● **Problem**
When the line containing "- Heat a sauce" appears in the entries below, begin printing there and stop after the line containing "Il Completo Flora"; print each of those lines exactly and no other line.

● **Data for this task**
━━━━━━━━━━

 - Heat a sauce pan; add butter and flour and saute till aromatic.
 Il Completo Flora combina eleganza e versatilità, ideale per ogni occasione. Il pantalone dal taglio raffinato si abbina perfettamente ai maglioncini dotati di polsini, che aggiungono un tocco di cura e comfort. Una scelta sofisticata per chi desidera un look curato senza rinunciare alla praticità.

━━━━━━━━━━

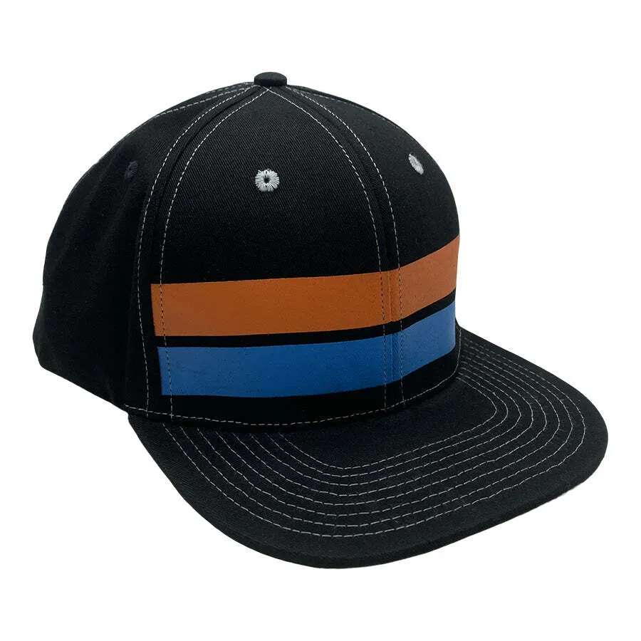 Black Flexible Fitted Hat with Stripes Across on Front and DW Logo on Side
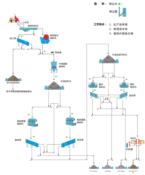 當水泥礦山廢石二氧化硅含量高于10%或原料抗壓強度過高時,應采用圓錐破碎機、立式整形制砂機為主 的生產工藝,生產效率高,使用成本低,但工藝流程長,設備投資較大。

━━━━━━━━━━

● **Written solution**
 - Heat a sauce pan; add butter and flour and saute till aromatic.
 Il Completo Flora combina eleganza e versatilità, ideale per ogni occasione. Il pantalone dal taglio raffinato si abbina perfettamente ai maglioncini dotati di polsini, che aggiungono un tocco di cura e comfort. Una scelta sofisticata per chi desidera un look curato senza rinunciare alla praticità.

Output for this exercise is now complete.